For offline recognition

jarvis-build speech_recognition \
/servicemaker-dev/<jmir_filename>:<encryption_key> \
/servicemaker-dev/<ejrvs_filename>:<encryption_key> \
--acoustic_model_name=<acoustic_model_name> \
--padding_size=3.2 \
--padding_factor=2 \
--vad.vad_stop_history=1600 \
--vad.vad_start_history=200 \
--vad.vad_start_th=0.1

NLP¶

TODO

TTS¶

TODO

Jarvis-Deploy¶

The jarvis-deploy tool takes as input one or more Jarvis Model Intermediate Representation (JMIR) files and a target model repository directory. It is responsible for performing two functions:

Function 1: Generates a Triton ensemble, Triton configuration files, and writes them to the target model repository directory as necessary.

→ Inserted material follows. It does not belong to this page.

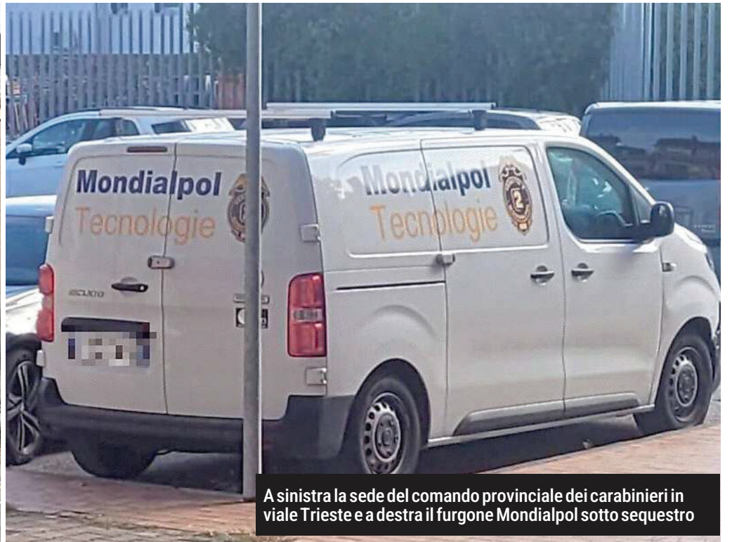
A sinistra la sede del comando provinciale dei carabinieri in viale Trieste e a destra il furgone Mondialpol sotto sequestro

Function 2: Runs any commands (if specified) by the JMIR to perform the model conversion for TensorRT, and updates the configuration mapping for GPU compute capability to artifact.

The Jarvis model repository can be generated from the Jarvis .jmir file(s) with the following command:

jarvis-deploy /servicemaker-dev/<jmir_filename>:<encryption_key> /data/models

Direct NeMo to Jarvis ServiceMaker (no TLT):¶

Generate ONNX from your .nemo file using the convasr_to_enemo.py script.

python convasr_to_enemo.py --nemo_file=/NeMo/QuartzNet15x5Base-En.nemo --onnx_file=output/quartz.onnx  --enemo_file=/NeMo/quartznet_asr.enemo

Follow the Jarvis-Build documentation to use quartznet_asr.enemo instead of .ejrvs for the build phase.